Joshua M. Brown described the situation in December:
"In the past week alone, Apple's seen $38 billion lopped off its market cap. With the stock closing at $509 yesterday, it's lost 200 points per share from the September high or $180 billion in total market cap. To put that into perspective, $180 billion is one McDonalds plus one Disney. It's Nike plus Starbucks plus Ford Motor plus Time Warner. This is a demented amount of lost capitalization for such a short period of time and in so healthy a company.
"The sell-off has been alternately explained as a tax-gain harvesting thing ahead of the Cliff (when it began selling off it was up 50% on the year and it's gained 8000% over the past decade). This morphed into concern over Samsung's continued market share gains which this week morphed into concern over a chilly reception for the iPhone 5 in China. And without a doubt, there are people who are now selling it for no specific reason; they're just getting out because everyone else is getting out...

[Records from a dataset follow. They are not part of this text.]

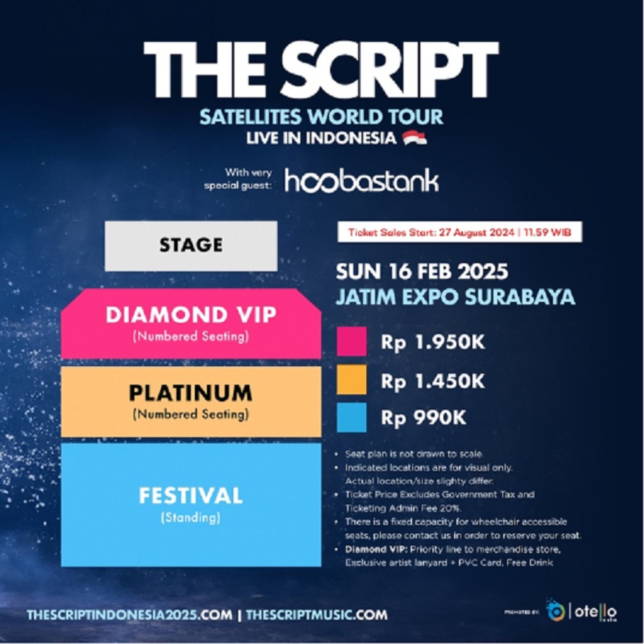 Penjualan tiket The Script Satellites World Tour di Jakarta & Surabaya mulai dijual pada hari Selasa, 27 Agustus 2024, pukul 11.59 WIB secara eksklusif di www.thescriptindonesia2025.com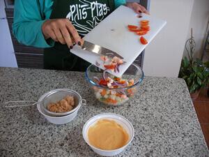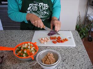 Para no olvidar nada, antes de empezar pon siempre todos los ingredientes a la vistaPon a escurrir la macedonia de verduras y el atún. Mientras, lava y corta a cuartos los tomates cherry. Pela y corta en finas láminas la cebolla. Corta los langostinos a trocitos, dejando uno por persona para decorar el plato final.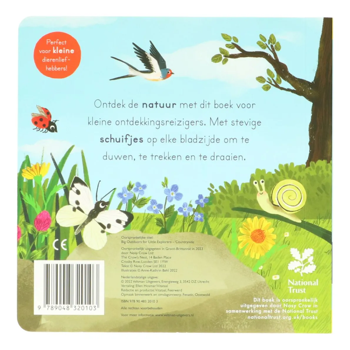Ontdek de natuur met dit boek voor kleine ontdekkingsreizigers. Met stevige schuifjes op elke bladzijde om te duwen, te trekken en te draaien. Met schuifjes op elke bladzijde. Ontdek samen met je kleintje de prachtige natuur.

"In the first half of 2012 it was the must-own stock, money managers had no shot of outperforming the benchmark minus an overweight to Apple. In the second half, this has completely reversed itself. The darling of summer is the pariah of the holiday season.

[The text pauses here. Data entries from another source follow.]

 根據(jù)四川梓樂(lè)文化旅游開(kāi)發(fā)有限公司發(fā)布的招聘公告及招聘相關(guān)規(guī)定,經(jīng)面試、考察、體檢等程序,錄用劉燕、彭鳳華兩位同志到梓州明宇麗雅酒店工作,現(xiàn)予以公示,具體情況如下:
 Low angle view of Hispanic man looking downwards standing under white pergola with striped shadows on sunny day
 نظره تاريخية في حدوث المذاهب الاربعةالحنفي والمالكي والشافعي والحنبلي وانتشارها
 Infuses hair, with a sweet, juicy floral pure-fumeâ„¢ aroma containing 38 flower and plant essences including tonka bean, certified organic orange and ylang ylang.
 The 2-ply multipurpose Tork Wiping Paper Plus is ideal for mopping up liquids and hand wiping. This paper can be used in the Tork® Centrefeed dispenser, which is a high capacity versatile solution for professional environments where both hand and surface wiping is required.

And now everyone who's associated with it is licking their wounds. I suspect the stock has to make a trip below $500 here, if only to test the depths of the sellers' desperation to be rid of it. The UBS analyst Steve Milunovich, whose target has declined to $700 from $780, has suggested that the shareholder base will now transition from growth guys to value guys. If he's correct here, that transition takes a long time - years, I've seen it at work." (Apple Cloverfield, my emphasis)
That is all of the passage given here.